Inspiration
We were inspired by a powerful idea: what if the brain could act as an early-warning system for illness — even before any symptoms appear? People often say, “I felt something was wrong,” long before getting a diagnosis. With emerging neuroscience research showing subtle brainwave changes before clinical symptoms, we saw an opportunity. That’s how NeuroAlert was born — a tool that listens to your brainwaves using AI and EEG signals to detect possible early health risks.
What it does
NeuroAlert analyzes simulated real-time EEG data and classifies the user's cognitive state into three categories:
- 🟢 Normal
- 🟡 Mild Cognitive Disturbance
- 🔴 Alert (Requires User Attention) Each prediction includes a confidence score and a simple, human-readable explanation.

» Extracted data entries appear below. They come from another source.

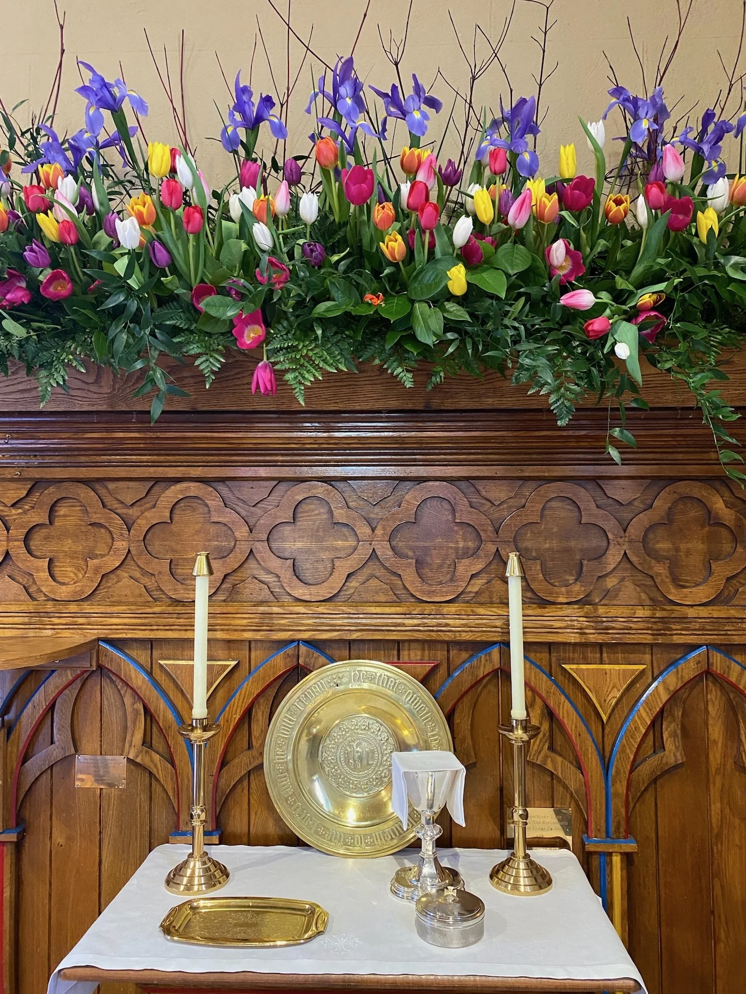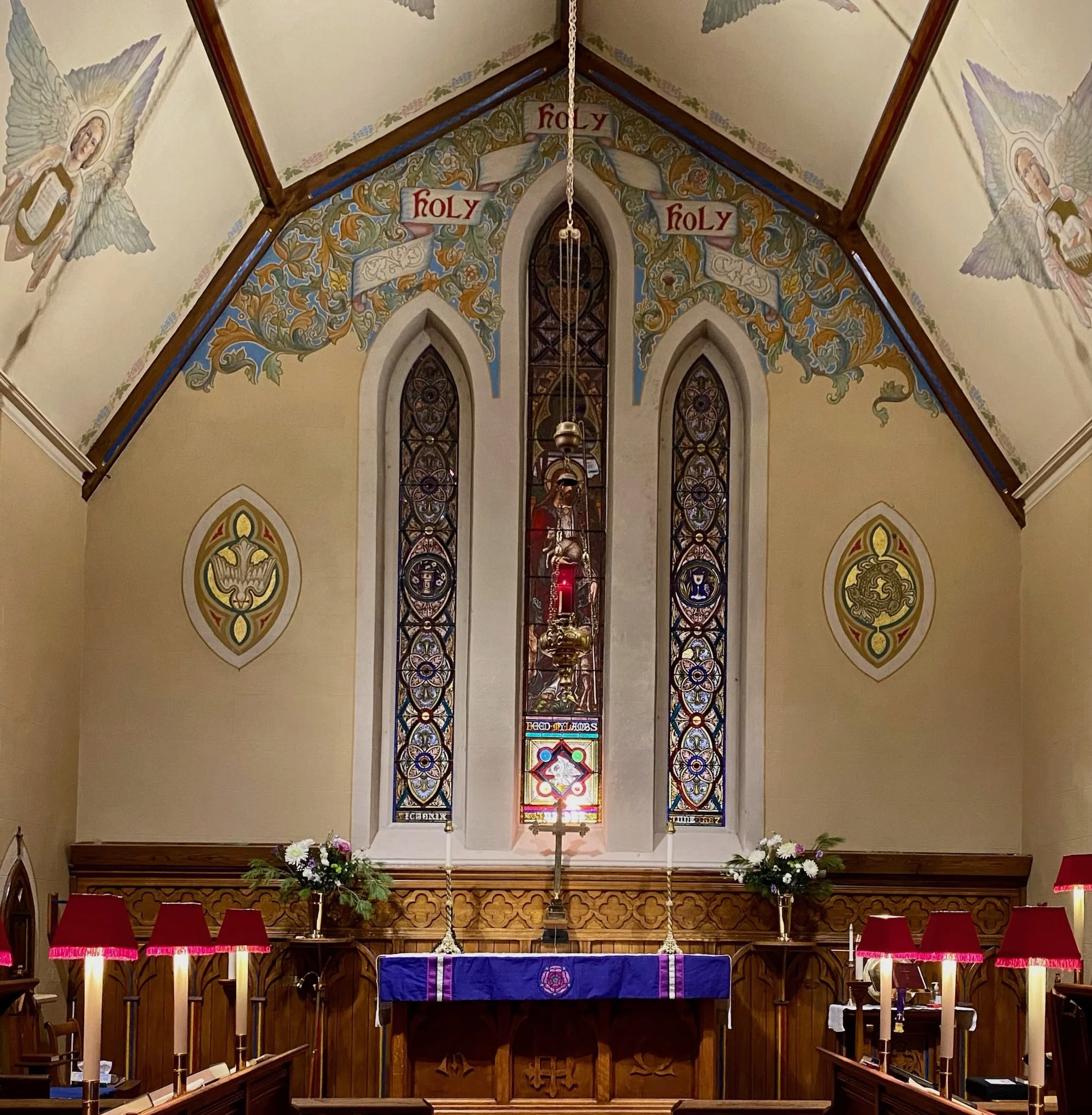 Adjacent to the church is the Parish Centre, a restored heritage building, which houses our office space, meeting rooms, and music library. The nave and chancel are known for some beautiful stained glass windows. The beautiful artwork on the walls and ceiling was painted by Gordon Couling AOCA, late professor of Fine Arts at the University of Guelph. Icons were created by local iconographer, Symeon van Donkelaar, of Conestoga Iconographic Studio. Many of the seasonal altar frontals were designed and made by local textile artist, Elizabeth Litch.
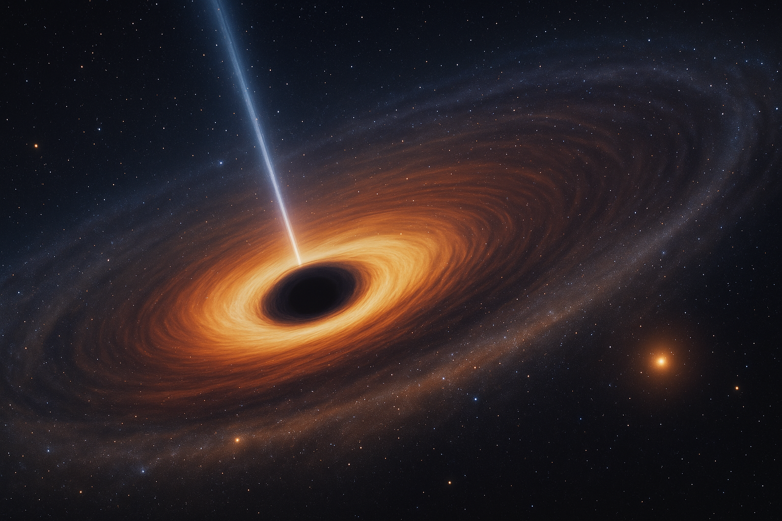 ※ 아래는 은하 중심 블랙홀 주변(가스 원반·별 궤도)을 개념적으로 표현한 16:9 삽화 이미지입니다.
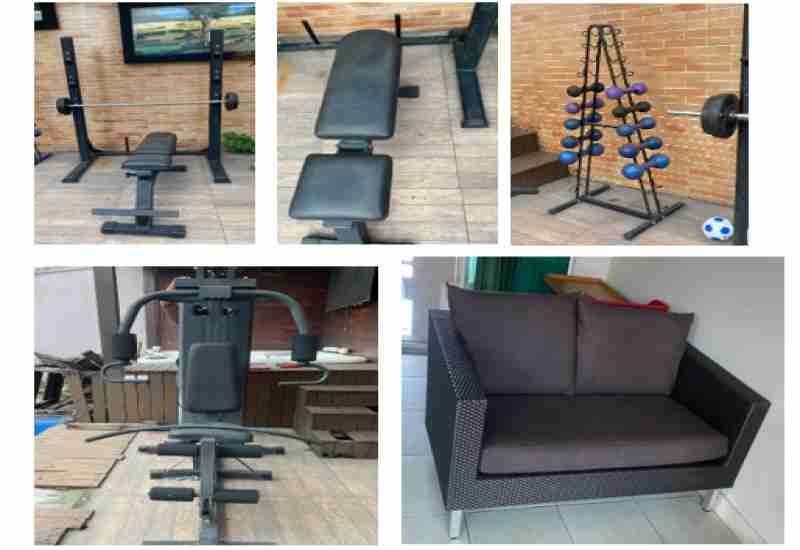 - 01 Suporte + Barra para SUPINO, com banco reto desgastado, duas anilhas de 3kg e duas de 5 kg, avaliadas em R$ 600,00 (seiscentos reais);
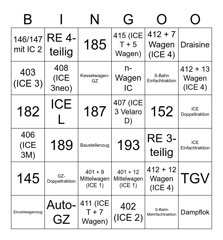 This bingo card has 36 words: 401 + 12 Mittelwagen (ICE 1), 401 + 9 Mittelwagen (ICE 1), 402 (ICE 2), 403 (ICE 3), 406 (ICE 3M), 407 (ICE 3 Velaro D), 408 (ICE 3neo), 411 (ICE T + 7 Wagen), 412 + 7 Wagen (ICE 4), 412 + 12 Wagen (ICE 4), 412 + 13 Wagen (ICE 4), 415 (ICE T + 5 Wagen), TGV, ICE L, n-Wagen IC, 146/147 mit IC 2, 145, 152, 182, 185, 187, 189, 193, Baustellenzug, RE 3-teilig, RE 4-teilig, S-Bahn Einfachtraktion, Auto-GZ, Kesselwagen-GZ, Draisine, Dampflok, Einzelwagenzug, ICE Einfachtraktion, ICE Doppeltraktion, GZ-Doppeltraktion and S-Bahn Mehrfachtraktion.
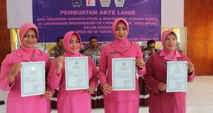 Tibrata News, Lhokseumawe – Bhayangkari Cabang Lhokseumawe memfasilitasi pembuatan 50 akta kelahiran untuk anak warga kurang mampu serta anak keluarga anggota Polri di kawasan Aceh Utara dan Lhokseumawe, Kamis (20/9/2018). Aksi sosial tersebut dilakukan dalam rangka memperingati hari kesatuan gerak bharangkari (HKGB) ke – 66 tahun 2018. Ketua Bhayangkari Lhokseumawe, …
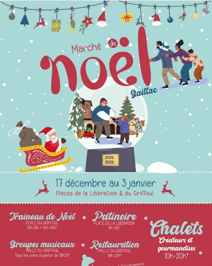 Le marché de Noël de Gaillac sera lancé le 17 décembre. Traîneau du père Noël, patinoire, groupes de musique et restauration au programme ainsi que tous les stands de créateurs !
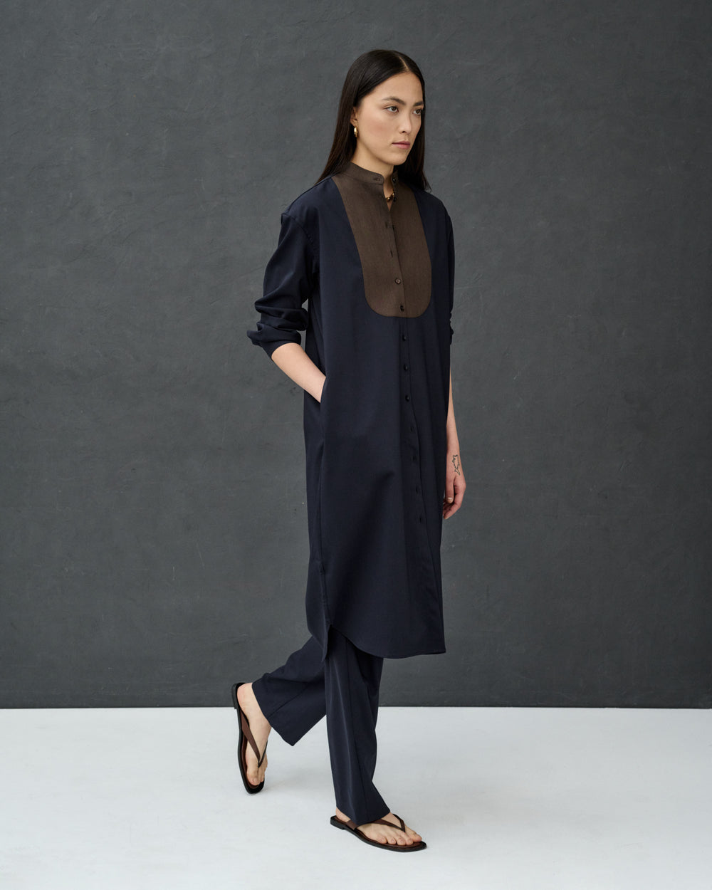Chloe Navy Wool Blend Shirt Dress with Bib
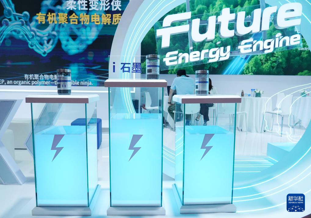 這是7月18日在智能汽車鏈展區貝特瑞展臺拍攝的展出的電池材料。
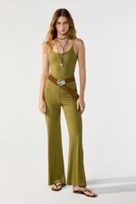 Mono largo palazzo en morley liso con breteles finos en cola de rata y escote con vista interna. Tiene presillas en laterales y lazo en cintura. La modelo está usando talle 42. Composición: 93% Rayón viscosa | 7% Elastano
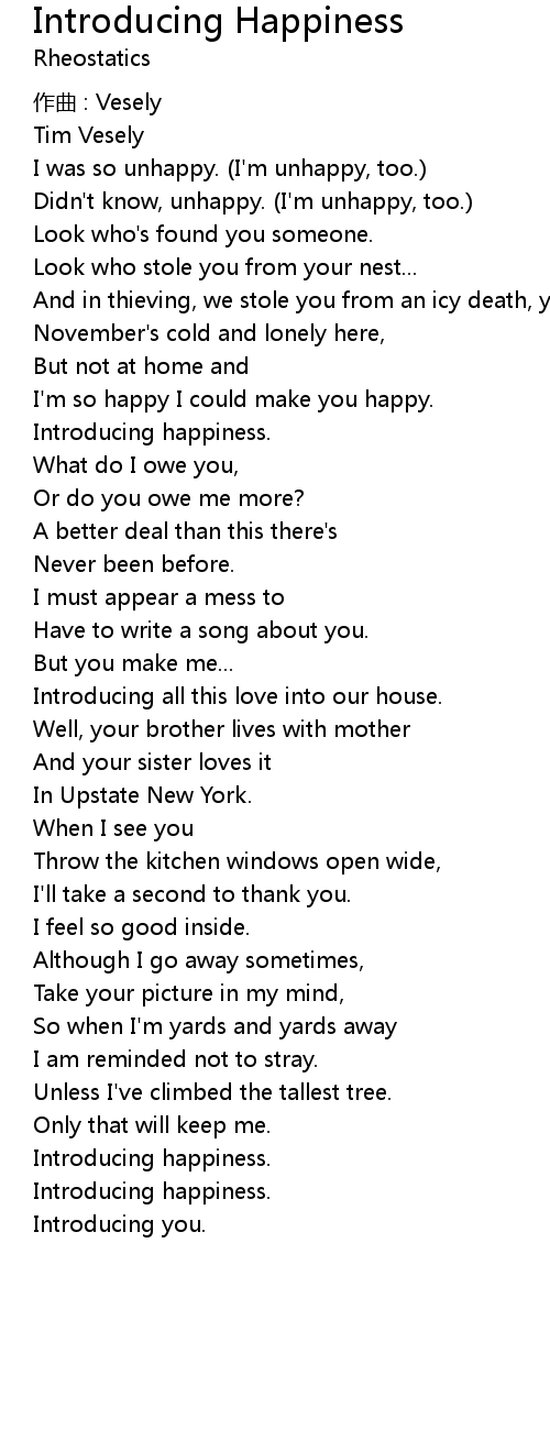 | Song | Introducing Happiness |
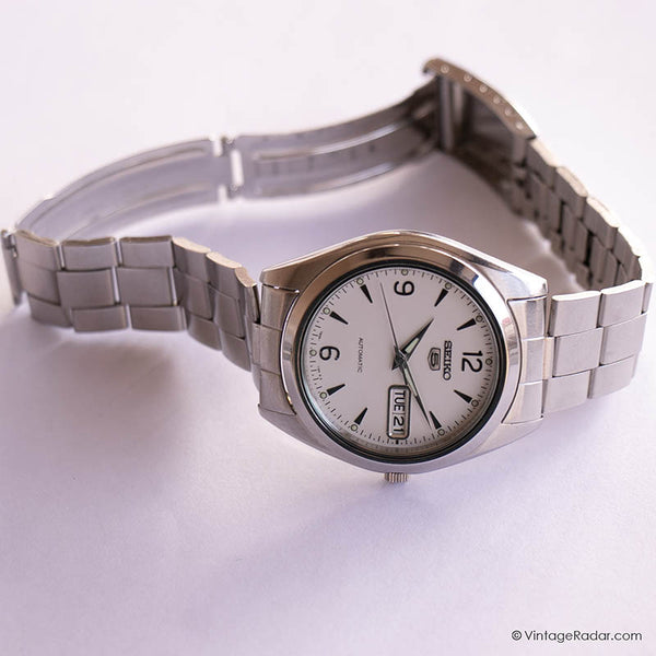 Let us introduce you to a beautifully-preserved Seiko 5 automatic 7009-3170 A2 watch model, featuring a modern, minimalist design. With a silver-tone case and bracelet, the watch stands out thanks to its lovely white dial, featuring a day-date window at 3 o'clock. The pointy glow-in-the-dark hands add a touch of sophistication to the design of the piece.
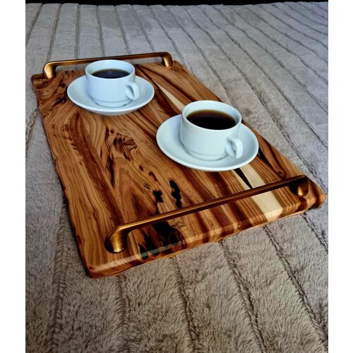 Сервировочный поднос ручной работы, с ручками, массив абрикоса, дизайнерский
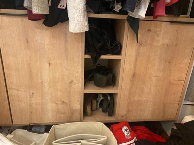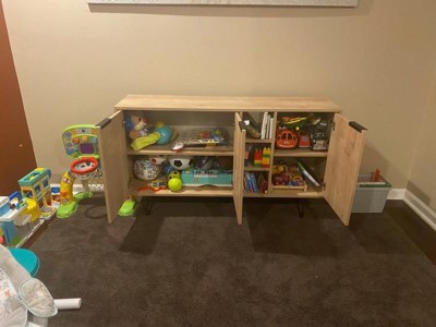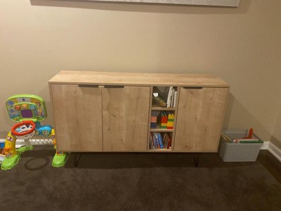 [This review was collected as part of a promotion.] My family and I are getting ready for a move, so we haven’t had the chance to put this cabinet together yet. However, it looks very aesthetically pleasing. The light oak color makes light bounce, and the room feels bigger. I can picture this as a TV stand, and it will help tie the room together.
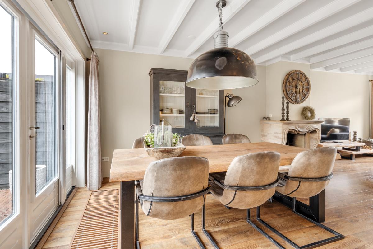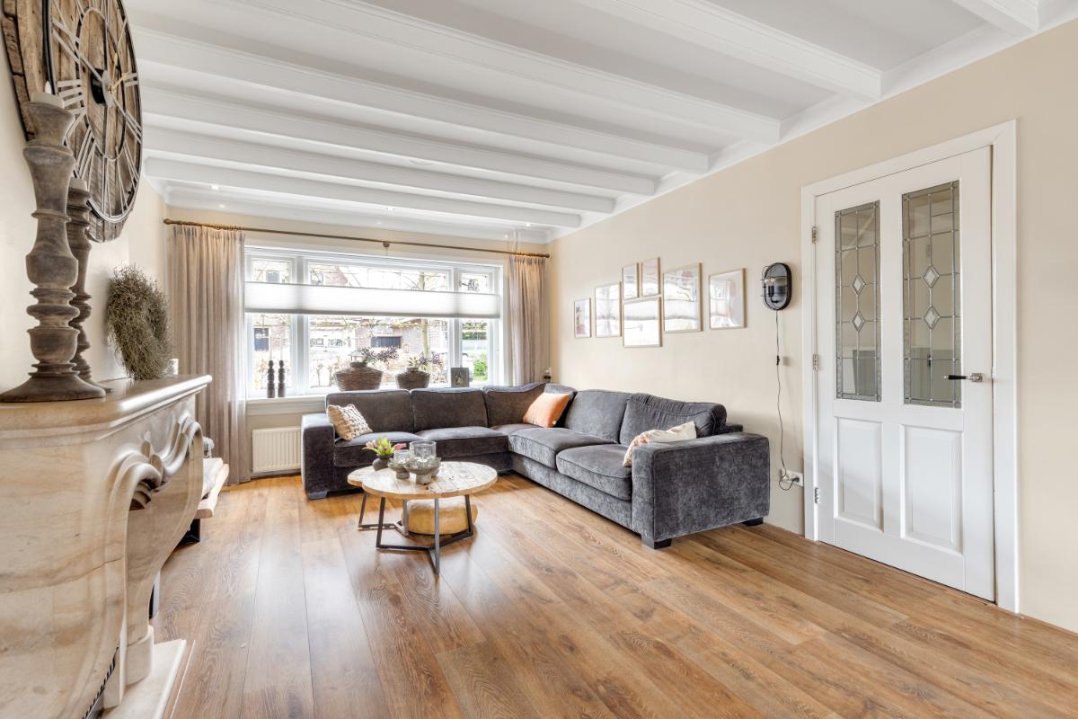 INDELING Begane grond: je komt binnen in een nette hal met trapopgang, toiletruimte, meterkast en toegang tot de woonkamer. Wat direct opvalt is de warme en sfeervolle uitstraling: het balkenplafond, de gashaard met sierschouw en de strakke wandafwerking en de fraaie laminaatvloer zorgen voor een prettig geheel. De openslaande deuren verbinden binnen moeiteloos met buiten, ideaal op zonnige dagen.

The goal is to help users become proactive about their health using the intelligence already within their brains.
How we built it
- Frontend: Built with Next.js and TailwindCSS, with multilingual support via i18next for Arabic and English.
- Backend: Developed with FastAPI (Python) serving RESTful endpoints.
- Database: MongoDB for storing user sessions and predictions.
- AI Model: CNN built with TensorFlow/Keras, trained on open EEG datasets from Kaggle.
- Visualization: Live EEG-style waveform using Chart.js.
- Simulation: Custom Python-based EEG signal generator to mimic real-world input patterns.
Challenges we ran into
- Finding EEG datasets with clinical labeling was difficult. Most available datasets were emotion- or task-based, not diagnostic.
- EEG signals are inherently noisy and user-specific, which made training robust models a challenge.
- Designing a responsive bilingual UI with RTL Arabic support required custom layout logic.
- Balancing functionality with responsibility: We were careful not to trigger health anxiety or overstate the tool’s predictions.
- Keeping the AI model modular and ready for future integration with real EEG hardware like Muse or OpenBCI.
Accomplishments that we're proud of
- Developed a fully functional full-stack simulation of an EEG analysis system.
- Trained a deep learning model that can classify brainwave states with high confidence.
- Created a bilingual, accessible interface that supports both Arabic and English.
- Successfully visualized real-time EEG signal simulation with responsive updates.
- Maintained a strong focus on ethical AI design throughout the process.
What we learned
- EEG data is fascinating but complex — understanding the brain requires both data science and neuroscience literacy.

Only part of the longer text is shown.